TO DO:
Copy exactly the lines of the data below, beginning with the line with "These sampling methods" and ending with the line with "The battery capacity". Pictures are to be omitted.

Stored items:
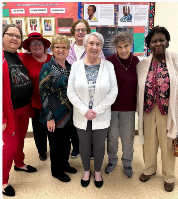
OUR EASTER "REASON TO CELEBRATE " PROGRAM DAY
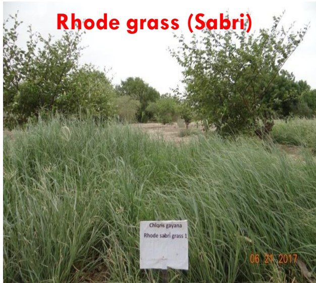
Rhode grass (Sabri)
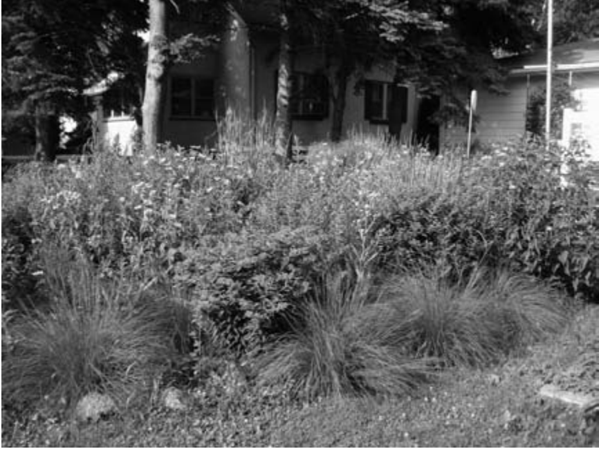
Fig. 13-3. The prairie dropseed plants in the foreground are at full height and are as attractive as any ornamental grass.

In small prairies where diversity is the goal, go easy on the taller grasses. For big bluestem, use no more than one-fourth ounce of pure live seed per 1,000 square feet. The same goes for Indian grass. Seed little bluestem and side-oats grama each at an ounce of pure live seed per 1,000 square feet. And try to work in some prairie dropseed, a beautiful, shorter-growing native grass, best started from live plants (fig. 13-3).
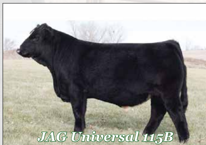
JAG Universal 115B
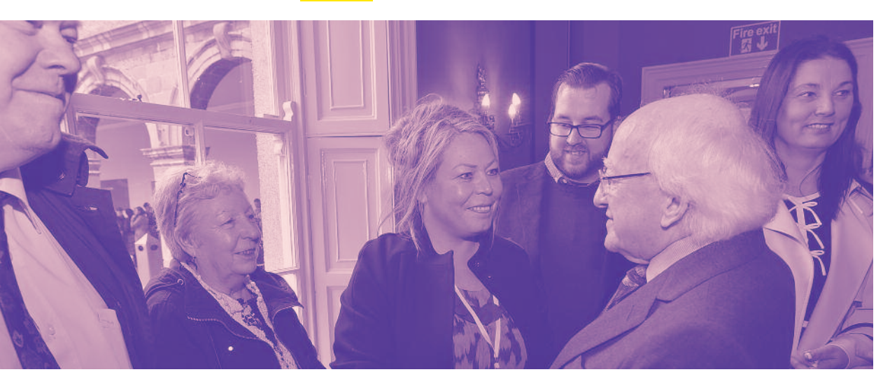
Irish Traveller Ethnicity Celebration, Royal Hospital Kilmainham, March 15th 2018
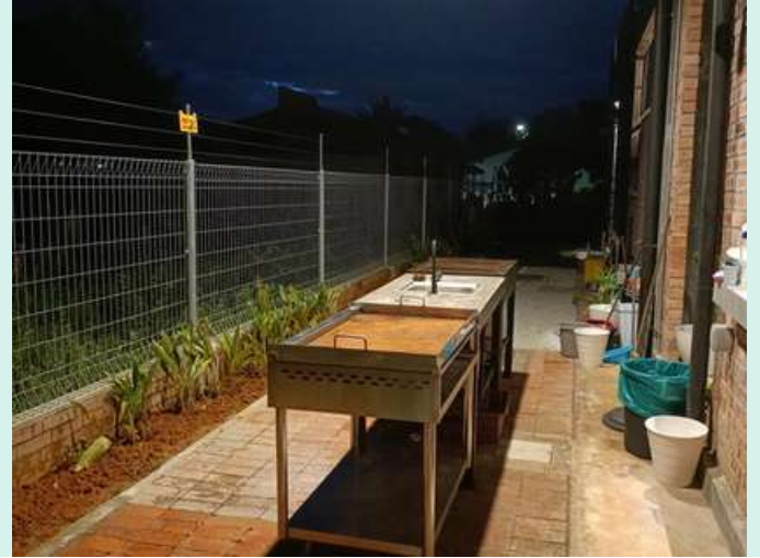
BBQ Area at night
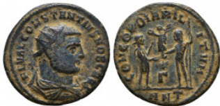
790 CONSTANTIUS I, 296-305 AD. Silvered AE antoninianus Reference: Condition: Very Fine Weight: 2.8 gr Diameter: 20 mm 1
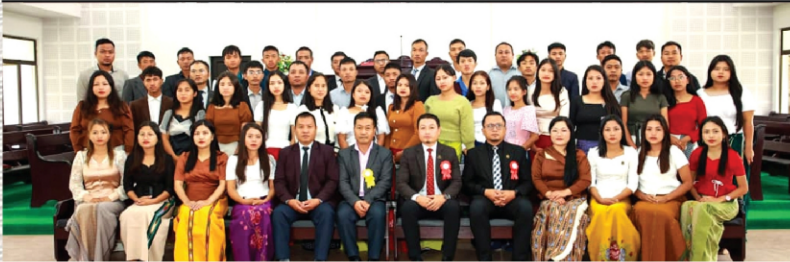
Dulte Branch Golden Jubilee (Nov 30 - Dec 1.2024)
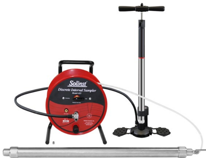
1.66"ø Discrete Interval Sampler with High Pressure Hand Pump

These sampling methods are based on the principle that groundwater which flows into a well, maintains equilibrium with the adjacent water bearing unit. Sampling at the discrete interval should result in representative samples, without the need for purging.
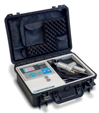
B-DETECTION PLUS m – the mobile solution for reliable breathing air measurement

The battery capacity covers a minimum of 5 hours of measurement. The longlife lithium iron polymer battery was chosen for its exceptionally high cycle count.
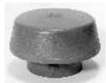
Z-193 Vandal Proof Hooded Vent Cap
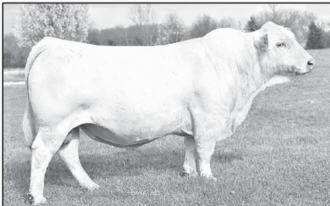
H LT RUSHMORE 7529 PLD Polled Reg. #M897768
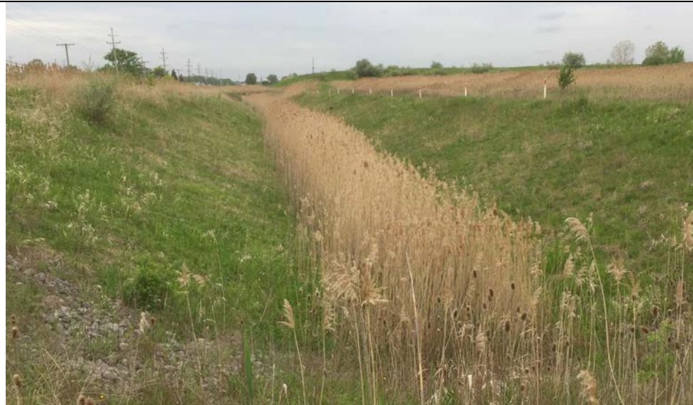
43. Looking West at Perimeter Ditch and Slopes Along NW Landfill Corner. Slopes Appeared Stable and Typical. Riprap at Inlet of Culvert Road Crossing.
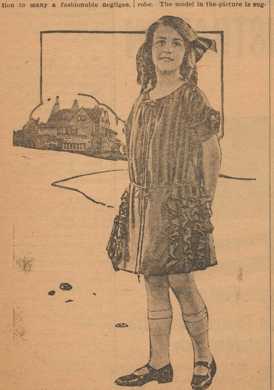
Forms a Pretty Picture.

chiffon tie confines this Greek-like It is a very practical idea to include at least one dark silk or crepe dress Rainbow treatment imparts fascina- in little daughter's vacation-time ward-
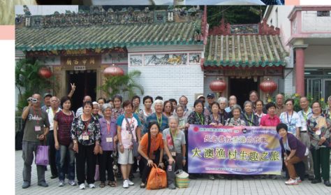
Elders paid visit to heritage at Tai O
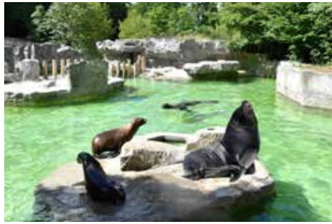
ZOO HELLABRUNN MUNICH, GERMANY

OUTPUT BELOW:
These sampling methods are based on the principle that groundwater which flows into a well, maintains equilibrium with the adjacent water bearing unit. Sampling at the discrete interval should result in representative samples, without the need for purging.
B-DETECTION PLUS m – the mobile solution for reliable breathing air measurement

The battery capacity covers a minimum of 5 hours of measurement. The longlife lithium iron polymer battery was chosen for its exceptionally high cycle count.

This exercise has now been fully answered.